**Material for this exercise**
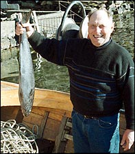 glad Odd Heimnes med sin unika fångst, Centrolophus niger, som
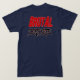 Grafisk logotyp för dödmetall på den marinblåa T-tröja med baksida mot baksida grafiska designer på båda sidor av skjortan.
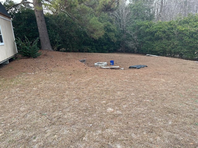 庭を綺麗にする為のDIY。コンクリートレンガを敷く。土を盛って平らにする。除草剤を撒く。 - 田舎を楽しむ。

* * *

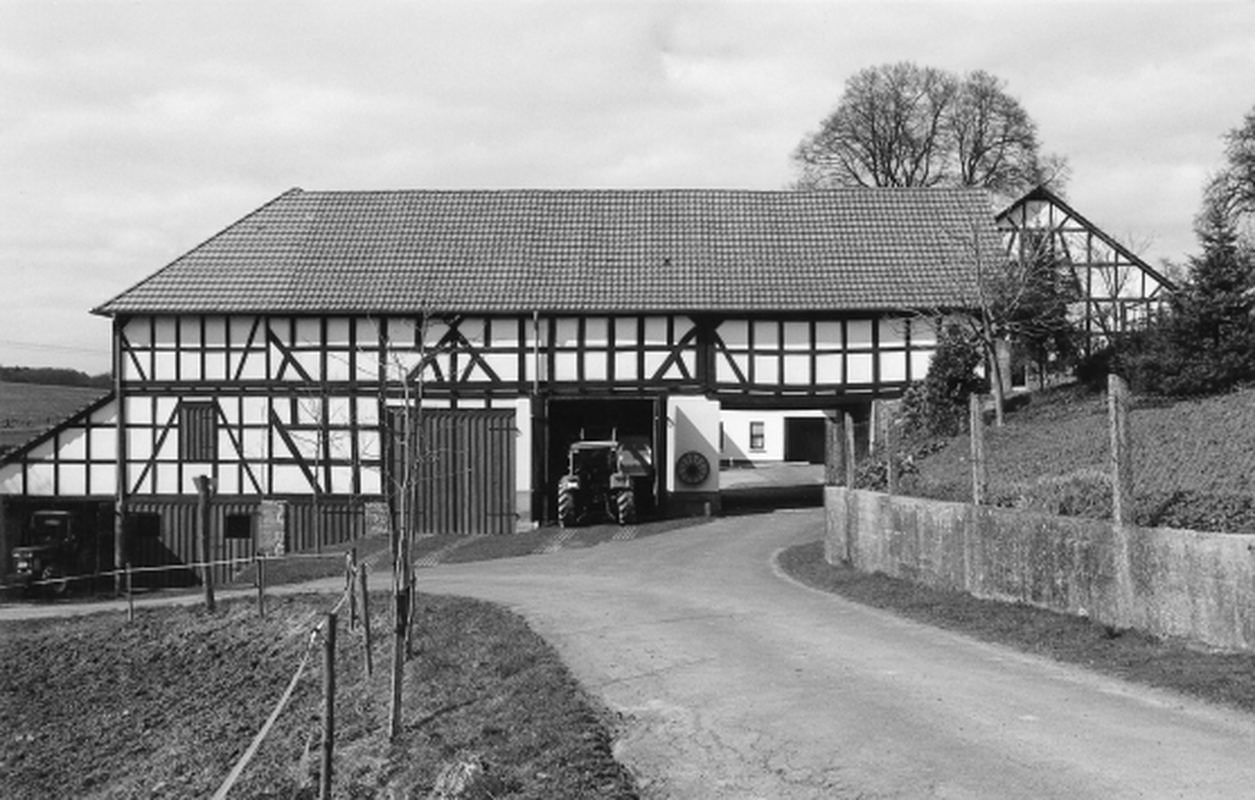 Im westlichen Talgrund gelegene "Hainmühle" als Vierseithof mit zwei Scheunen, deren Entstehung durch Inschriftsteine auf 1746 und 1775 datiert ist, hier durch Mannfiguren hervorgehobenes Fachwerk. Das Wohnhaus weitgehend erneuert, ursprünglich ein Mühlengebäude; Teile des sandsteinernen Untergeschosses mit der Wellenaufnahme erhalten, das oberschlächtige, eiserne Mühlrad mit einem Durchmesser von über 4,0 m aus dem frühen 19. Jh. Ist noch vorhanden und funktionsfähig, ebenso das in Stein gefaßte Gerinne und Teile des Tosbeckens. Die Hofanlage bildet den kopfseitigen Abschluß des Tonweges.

==

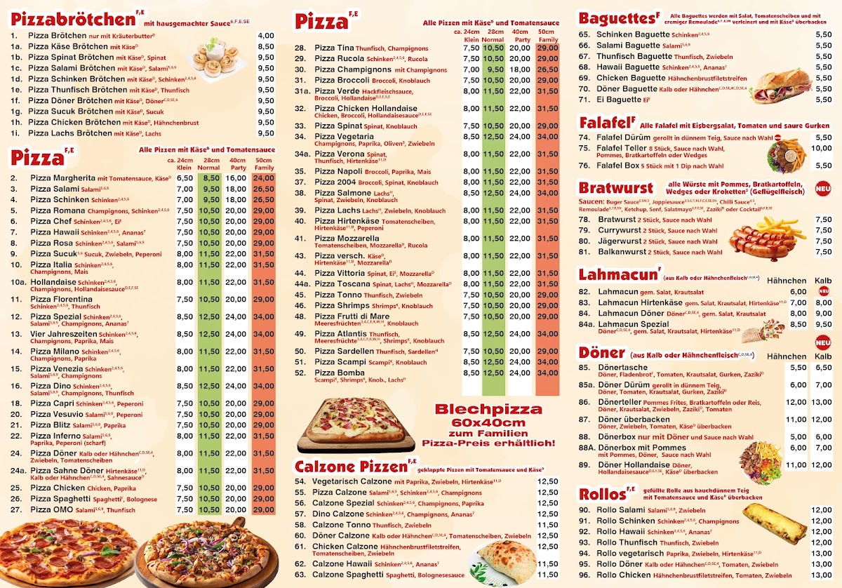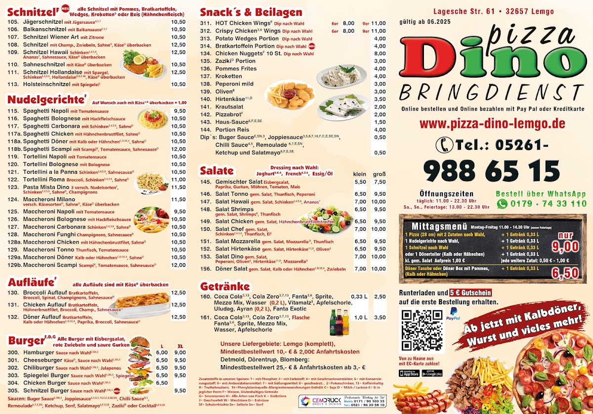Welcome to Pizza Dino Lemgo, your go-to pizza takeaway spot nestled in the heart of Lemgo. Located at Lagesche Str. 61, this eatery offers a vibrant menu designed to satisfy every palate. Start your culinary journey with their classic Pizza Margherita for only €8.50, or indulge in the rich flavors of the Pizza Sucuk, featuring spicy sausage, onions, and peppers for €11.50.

**How to complete this task**
Find the line with "glad Odd Heimnes" in the entries above. Set down exactly every line from it up to and including the line with "庭を綺麗にする為のDIY。コンクリートレンガを敷く。土を盛って平らにする。除草剤を撒く。 - 田舎を楽しむ。", images excluded.

**Response to this task**
 glad Odd Heimnes med sin unika fångst, Centrolophus niger, som
 Grafisk logotyp för dödmetall på den marinblåa T-tröja med baksida mot baksida grafiska designer på båda sidor av skjortan.
 庭を綺麗にする為のDIY。コンクリートレンガを敷く。土を盛って平らにする。除草剤を撒く。 - 田舎を楽しむ。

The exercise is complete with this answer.